For host communities, he enjoined them “to know their rights and demand for the protection of their rights. They should also know that we have laws that protect them. Some of them do not know that we have a mining Act or that there should be EIAs. They should work with community Organisations (CBOs) to engage government and I feel if all stakeholders are all serious about bringing development to the sector, we will begin to have progress”.

Recalling a previous assessment carried out by various Civil Society organisations, the Farmer’s President recalled that, during the assessments, we discovered that lots of host communities do not know their rights and that informed our interventions through our town hall meetings, capacity building and even our engagements with them.
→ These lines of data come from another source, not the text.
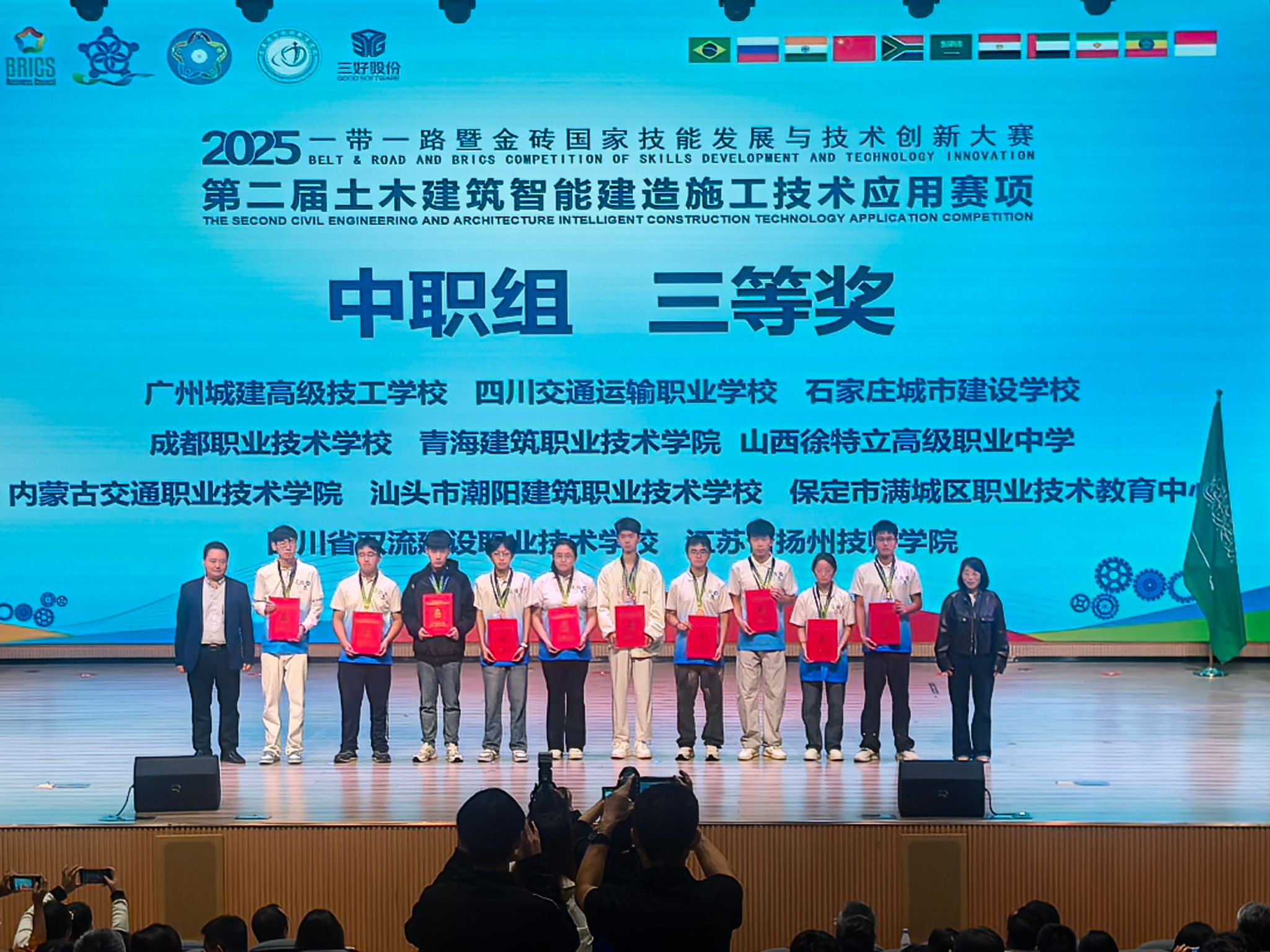 捷报传来,荣誉绽放!第二届土木建筑智能建造施工技术应用赛项全国总决赛在中国重庆举办,我校学子凭借扎实的专业功底、出色的临场发挥与卓越的团队协作精神,从中职组众多参赛队伍中脱颖而出,荣获全国三等奖的优异成绩。
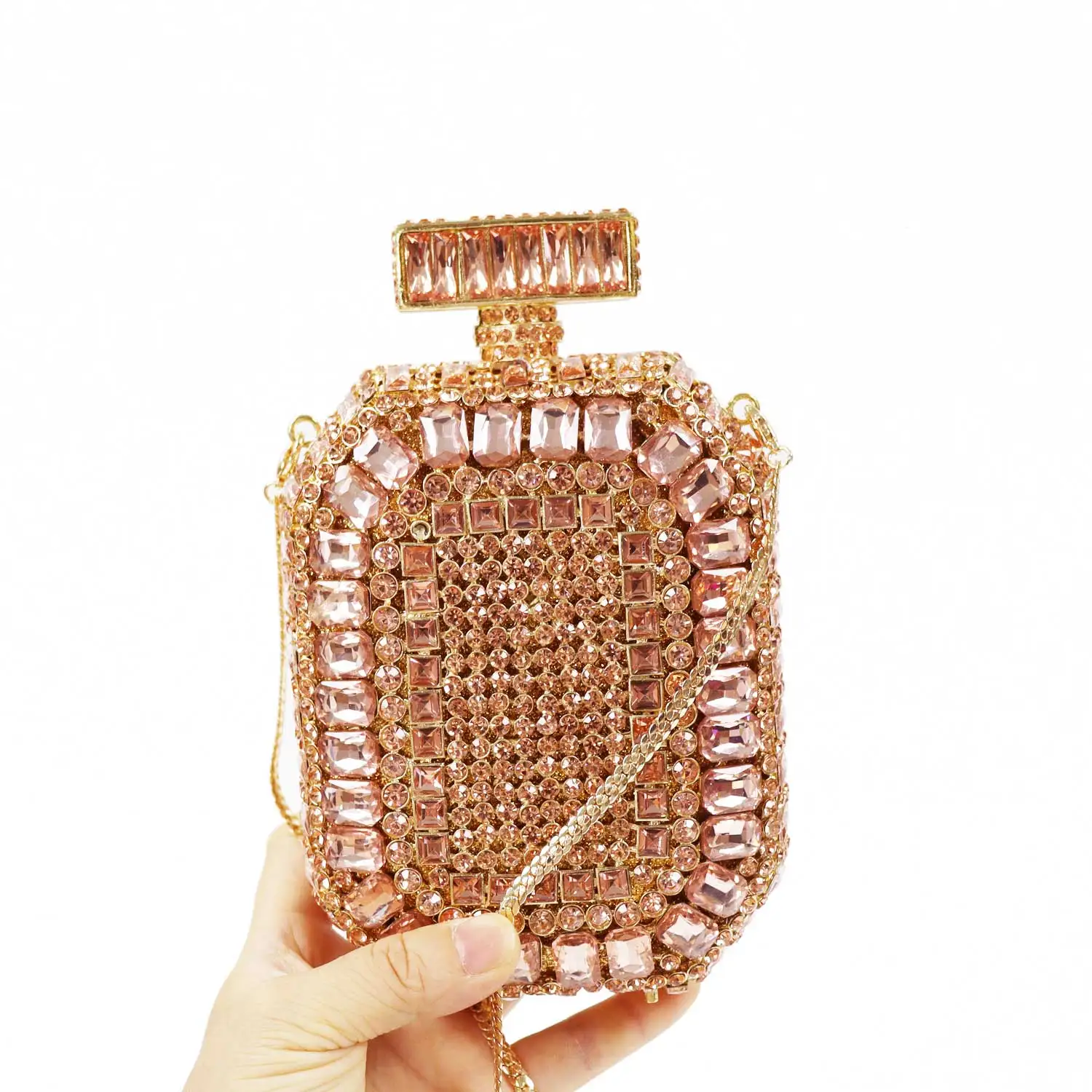 Alizekerr Perfume Bottle Crystal Evening Bags Women Gorgeous Luxury Rhinestone Square Metallic Purses And Handbags Wedding Party
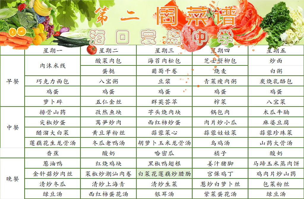 2025-2026学年第二学期第二周海口寰岛中学师生食谱
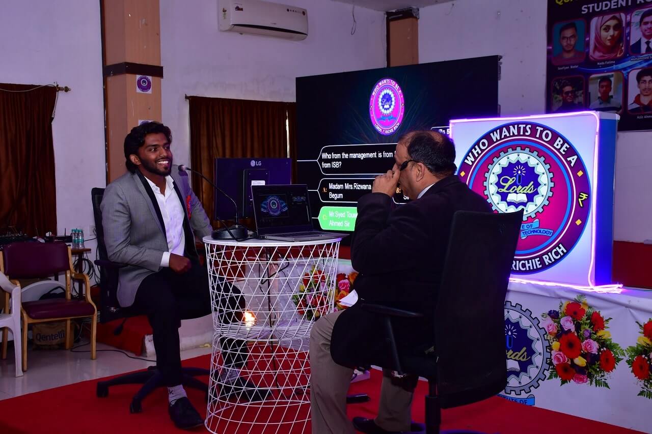 Department of Management Studies LSB conducted Who Wants To Be A Richie Rich Event for Students & Faculty. The year-end Bonanza was a first of it’s kind initiative by Lords Management to reward and motivate the eco system on campus. The event witnessed huge turnout of over 1000 student contestants vying to be in the HOT SEAT. With zeal and transparency, qualifying rounds were conducted for 8 engineering departments. There were 2 winners selected from each department, 16 Finalists from Students played Who Wants to be A LORDS Richie Rich. Faculty round contestants were 12 and they displayed zeal and played with caution to WIN ‘The Fastest Finger First”. Enthusiastic audience witnessed a scintillating display and awesome ambience. Everyone present watched the contestants play.Nonetheless, Audience also got a chance to win gift hampers and participate in audience poll, which helped contestants to win and move forward in competition

The Land Use Act says the governor holds the land in trust for the community members and on behalf of all citizens, However, individual landowners have the right to give out their lands particularly when they have a Certificate of Occupancy, or it could also be a customary land such as community lands and in such cases when a mining company comes into a community, it is the responsibility of that company to pay compensation for the land it has acquired, it is the responsibility of the government to ensure that the company pays compensation. The surface rent is a tax paid on land and does not remove the obligation for compensation. Compensation comes when there is a loss and it is beyond parting with land but could also be a loss of future earnings,

He maintained that the sector if properly regulated can create jobs and generate revenue “particularly now that our cash cow oil is not producing as much revenue as in the past,I will say our government should look out to international  best practices, to ensure our lands are protected as cash crops are also cash cows and  I think we have more than enough and if it is properly regulated, it does not have to be that if government acquires land for mining, it will automatically stop agriculture while in production”

Meanwhile, efforts to hear from the Mines Officer of the state proved abortive despite efforts to reach him as he insisted that he had not been authorised by a higher authority to speak on the role of government.